Thursday, September 25, 2014

Cauliflower Power!

Hello, sea monkeys!

I'm sorry I've been away for like, the entire summer.  You see, this summer was supposed to be epic.  Turns out, it was just an epic fail.

Things were going quite well.  Then, my car decided to almost catch on fire, and my neck decided it was going to stop being a bendy thing that supports my head, and instead it was going to be a hurty thing that caused major trauma for my entire body.

This was not a great summer.

Well, because the neck issues weren't getting better (or rather, they would get better, then get worse again, then get better again, then get worse again--like the worst roller coaster ride ever), I decided I needed to drastically change my diet.

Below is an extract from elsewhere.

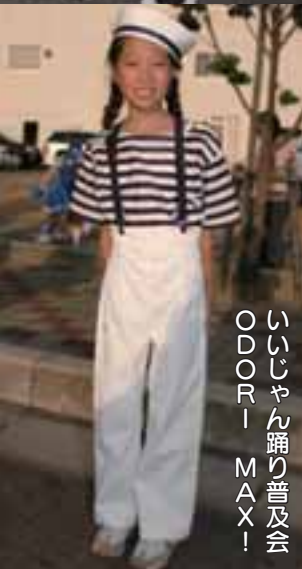
ODDOR-MAX! いいじゃん踊り普及会

How does a diet make a difference in neck pain?

I'm glad you asked.

The answer is SCIENCE!

I SAID SCIENCE!


Well, okay, actually, the answer is inflammation.  I did some interneting, and I discovered that certain foods are either inflammatory (increasing your body's inflammatory response), or anti-inflammatory (figure out what that does on your own, brainiac.  Must I spell out everything for you?).  And I figured I'd cut out all the foods that would increase my body's inflammatory response, while adding in more foods that would decrease my body's inflammatory response.

Wow.  That was boring.  Sorry.  If you're at all interested in that anti-inflammatory diet stuff, go use the Google.  It has way more boring than I have.

Anyway, with my new diet, I cut out sugar, red meat, poultry, gluten, AND all grains (at least for now).

I call my new diet the "Oh My Gosh, I Can't Eat Anything" Diet.

OMGICEAD?
OhMagicHead?
Sounds good.  The Oh Magic Head Diet.

Well, I knew I'd eventually start missing things like eating, so I started looking into what I could do with vegetables.  I discovered some recipes for making "rice" out of cauliflower.  So I decided to try it.

Here is the Couth Ramble method of cooking the PERFECT cauliflower "rice" in 10 easy steps.  More or less.  I really didn't bother counting them, okay?  I may or may not actually be a cooking expert.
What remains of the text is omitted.